Search code examples
lisptrie

optimizing functions (memory) in lisp - trie data structure


I'm a lisp beginner and I'm trying to write a package that defines a class for a trie and reads the entirety of the scrabble dictionary in to it. The struct acts as a node, each of which has an association list that keeps track of letters that stem from it (leading to other subtries).

Here is my code for the class

(DEFCLASS n-trie ()
  ((word :accessor word
         :initform 'nil
         :initarg :word)
   (word-count :accessor wcount
               :initform 0
               :initarg :wcount)
   (next-letters :accessor next-letters
                 :initform 'nil
                 :initarg :next-letters)))

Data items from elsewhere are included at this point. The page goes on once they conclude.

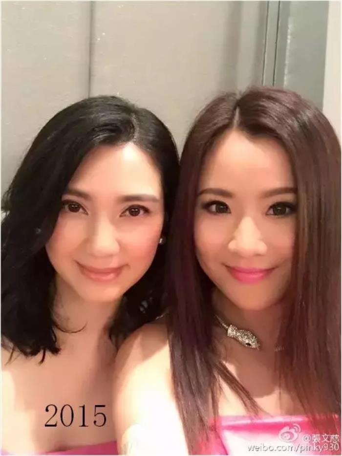 2015年, 看看洪欣和其他人的合照,虽然身旁的女生看起来明显年轻一点,但是无论是五官还是气质,洪欣都更抢眼。而且洪欣的长相是属于有分辨度的,能让人一眼记住。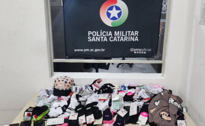 Dentro do carro estavam dois homens e duas mulheres. No porta-malas, os policiais encontraram bolsas, sapatilhas, tênis, meias e roupas — mercadorias avaliadas em R$ 5.705,00.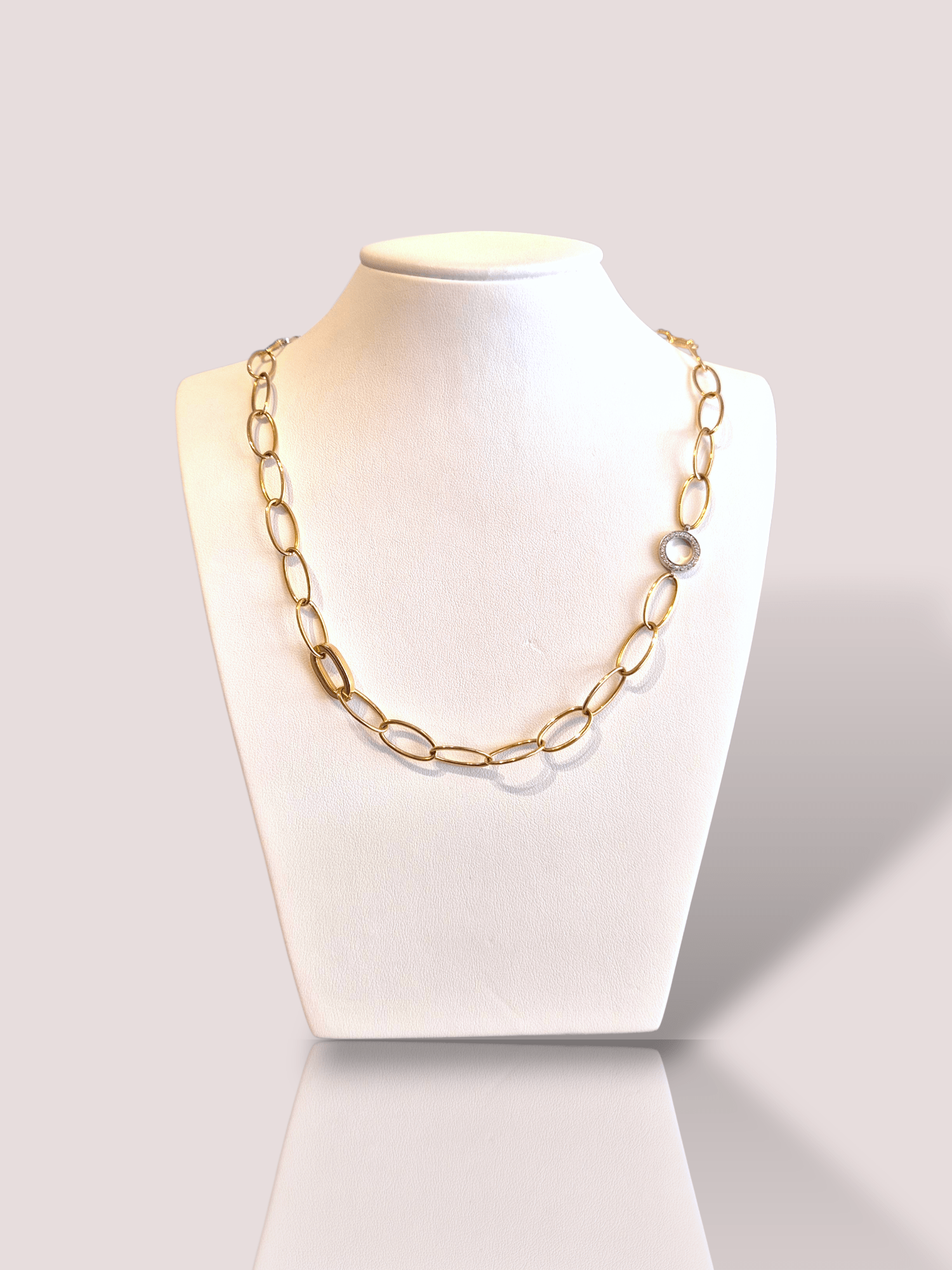 Deze prachtige Vintage Chantecler collier is gemaakt van roségoud en bezet met schitterende diamanten. Het tijdloze ontwerp maakt het een perfecte toevoeging aan elke outfit, of het nu chic of casual is. Draag het als statement piece bij een elegante avondjurk of voeg wat glamour toe aan een alledaagse look. Dit collier zal zeker de aandacht trekken en je laten stralen. De ketting heeft een lengte van 60 cm.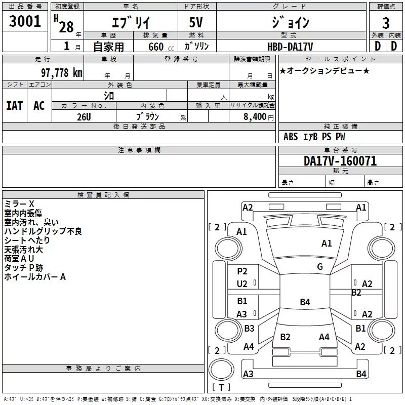 Suzuki EVERY с аукциона Японии TAA Yokohama лот № 3001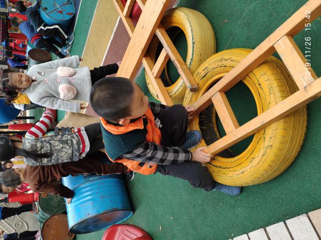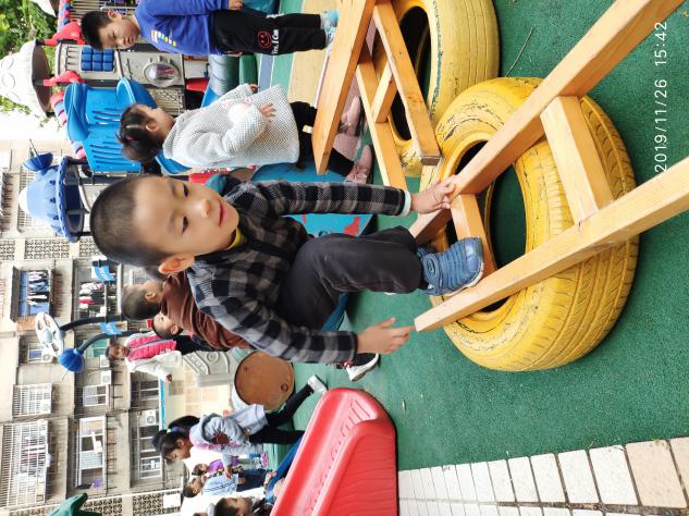 11月4日孩子们在玩走楼梯的游戏。他们动手搬来了木楼梯,滚来了大轮胎。用轮胎做桥墩,用木楼梯做桥面,很快就分组搭好了四座楼梯小桥。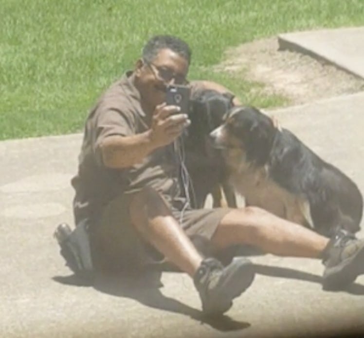 Seriously, these drivers look like they're besties with all the doggos. They treat the pups like good friends, too. There's many pictures of drivers doling out treats for their furry friends along their routes, and a lot of the pups know they're coming, so they adorably run right up to the UPS truck when it arrives.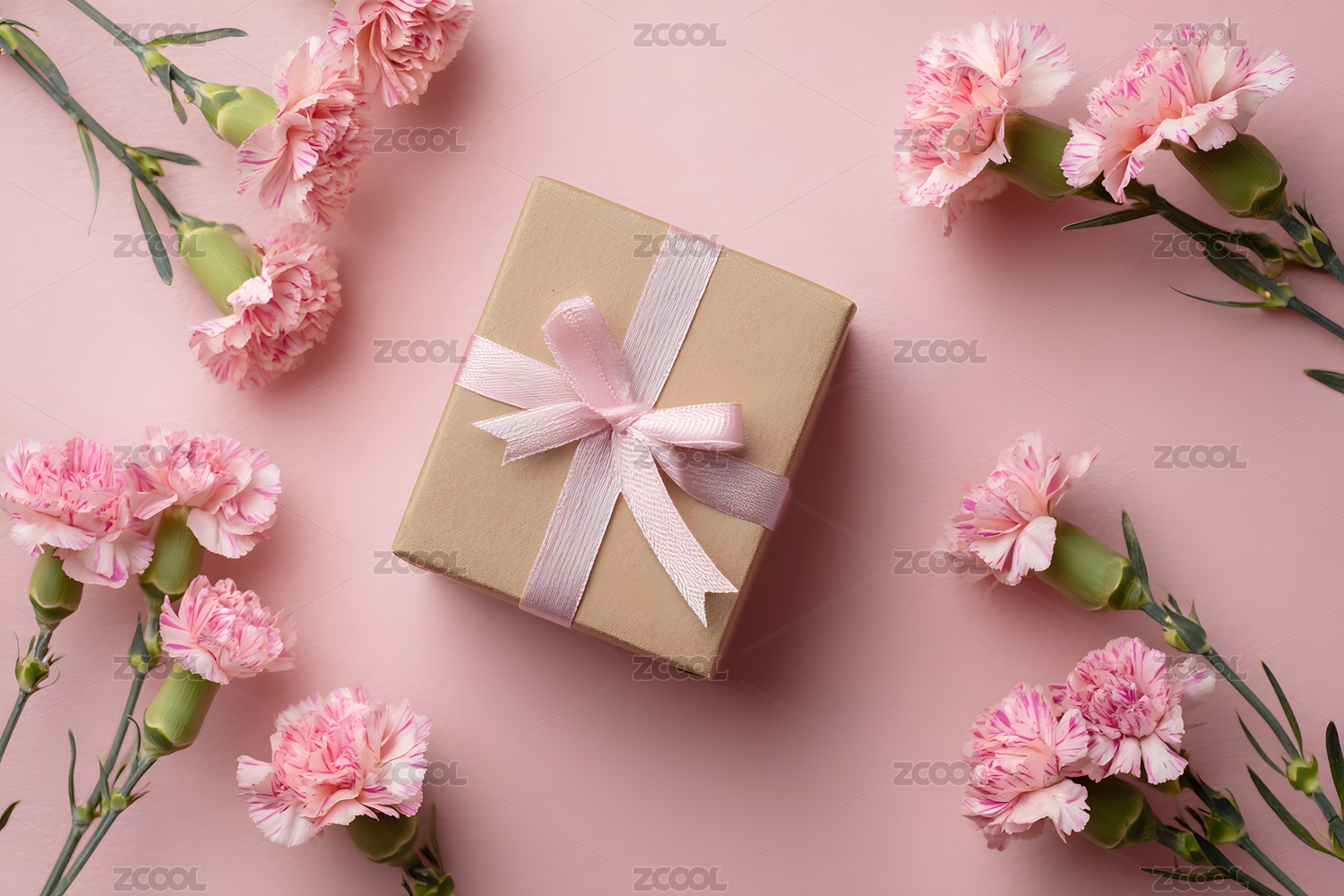 一朵粉色康乃馨和一个礼盒

Here is my add word function

(defun add-word (string trie) ;;iterative method for looping through string
  (let ((s (coerce string 'list))
        (tri trie))
    (dolist (item s)
      (cond
       ((assoc item (next-letters tri))
        (incf (wcount tri))
        (setf tri (cdr (assoc item (next-letters tri)))))
       (t
        (incf (wcount tri))
        (setf (next-letters tri) (acons item (make-instance 'n-trie) (next-letters tri)))
        (setf tri (cdr (assoc item (next-letters tri)))))))
    (setf (word tri) string)))

and here is the function that opens my file (scrabble dictionary) and reads each line

(defun read-words (file trie)
  (let((str (open file)))
    (labels ((rec (tri)
                  (let ((line (read-line str nil nil)))
                    (cond 
                     (line (add-word line tri)
                           (rec tri))
                     (t (close str)
                        trie)))))
      (rec trie))))

Whenever I try to load the entire dictionary, I get a stack overflow. There are over 100k words in the scrabble dictionary, and it's failing at 6000...something is wrong with my memory usage, but I can't seem to tell what.

Is there something that I am doing in these definitions that is inherently expensive memory-wise? I tried making the trie node a struct instead of a class, and got similar results. I also had a recursive algorithm for adding a word from the dictionary, but it was just as bad.

I've been struggling with this for hours, and i'm a little frustrated...


Solution

  • The first thing I would change is the function read-words. It uses tail-recursion and looks like in Scheme. That's not idiomatic in Common Lisp. Use WITH-OPEN-FILE to open a file and use a loop construct to read the lines. If the Common Lisp system does not optimize the tail recursion, this recursion already creates a stack overflow on large text files.

    So:

    • don't use tail recursion, where not necessary and where you know that your CL implementation actually supports it and understands it. For example high debug modes usual prevent tail recursion optimization.

    • use WITH-OPEN-FILE. Don't use OPEN/CLOSE.

    • use IF instead of COND - especially when we deal with a normal true/false predicate.